Understanding the Dataflow Pipeline Lifecycle is important to gain context into why flex-templates are built the way they are. Having this knowledge will reveal some potential pitfalls. This process involves two key components: the “launcher” container and the “custom pipeline” container. Below I will describe what each does and then explain the gotchas.

Launcher Container

When a Dataflow job starts the first thing that happens is a launcher container is created. It is created from the image referenced in the flex-template JSON file stored in GCS, typically built with `gcloud dataflow flex-template build`. The launcher container runs on a GCE VM “launcher” and creates the execution graph. It can be initiated using the `gcloud` CLI, the Dataflow console, REST API, or other means such as an Airflow operator. When you launch a Dataflow flex-template job, Apache Beam runs the code on the launcher machine to construct the pipeline graph. It processes all the apply steps (represented by ‘|’ in Python) defined in your pipeline code. For each step in your pipeline, a node is added to the graph. This is known as the graph construction time and is typically the longest-running process during your job launch phase. During this time, Dataflow will also verify that any resources the pipeline interacts with are available, ensure the Dataflow worker service account has the appropriate access to these resources and, attempt to optimize your pipeline execution graph through Fusion optimization.

Gotcha:

You must have a Google Dataflow launcher base image in your Dataflow flex-template image that you plan to use to launch your job. Unfortunately, the cloud console gives little feedback during this part of the job and I spent too much time trying to use a smaller base image used for non-flex templates to speed up CI build times before realizing this was a requirement.

How Konfig can help:

Making sure your Dataflow job can communicate with the input and output resources is crucial, and is something we looked to support natively in Konfig. When you create a Dataflow Flex Template workload in Konfig, you simply define the resources your Dataflow pipeline will interact with and the IAM is set up automatically with least-privileged access needed for your Dataflow pipeline to function properly and securely, so you don’t have to.

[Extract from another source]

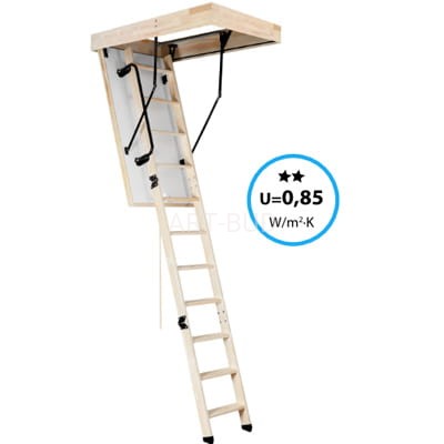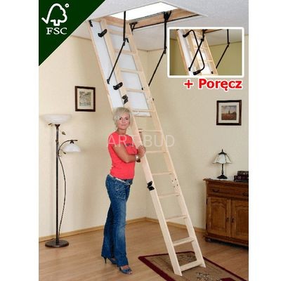 Polecamy wysokiej jakości składane, drewniane schody strychowe Dzięki wysokiej jakości drewna i ich estetyce schody tego typu pasują niemal do każdego rodzaju wnętrza. Poprzez zastosowanie schodów dostanie się na strych lub poddasze domu będzie dla państwa o wiele łatwiejsze. Szczególną zaleta jest ich składana forma i możliwość ukrycia złożonych schodów w suficie, co zapewnia dużą oszczędność miejsca w pomieszczeniu. Idealny produkt dla klientów wymagających niskiej ceny , wysokiej jakości wykonania i funkcjonalności. Schody strychowe z dobrze ocieplaną klapą o współczynniku 0,85 W/m2*K. W standardzie antypoślizgowe stopki ułatwiające montaż oraz w poręcz poprawiającą bezpieczeństwo.

Custom Pipeline Container:

After the execution graph is created, it can be executed as a job on worker machines. This is where the custom pipeline container comes into play. The code typically uses the official Apache Beam image, which can be overridden if needed. This is the image that the Dataflow documentation refers to as a “custom image”. Custom containers can be hardcoded into the pipeline if the image is tightly coupled to pipeline code, or passed in at runtime with the PipelineOption ` — sdk_container_image`. You can pre-load this image with dependencies to make spinning up worker VMs quicker.

Gotcha:

If you find yourself needing to use a custom container the best practice is to combine the launcher image and the SDK image in the same Dockerfile as a multi-stage build. This way, a single Docker image can be used as both the launcher container and the SDK container on the worker VMs reducing management overhead. Here’s an example:

FROM gcr.io/dataflow-templates-base/IMAGE_NAME:TAG as template_launcher 
FROM apache/beam_python3.10_sdk:2.57.0

# RUN <...Make image customizations here...>
# See https://cloud.google.com/dataflow/docs/guides/build-container-image

# Configure the Flex Template here
COPY --from=template_launcher /opt/google/dataflow/python_template_launcher /opt/google/dataflow/python_template_launcher
COPY my_pipeline.py /template/
ENV FLEX_TEMPLATE_PYTHON_PY_FILE="/template/my_pipeline.py"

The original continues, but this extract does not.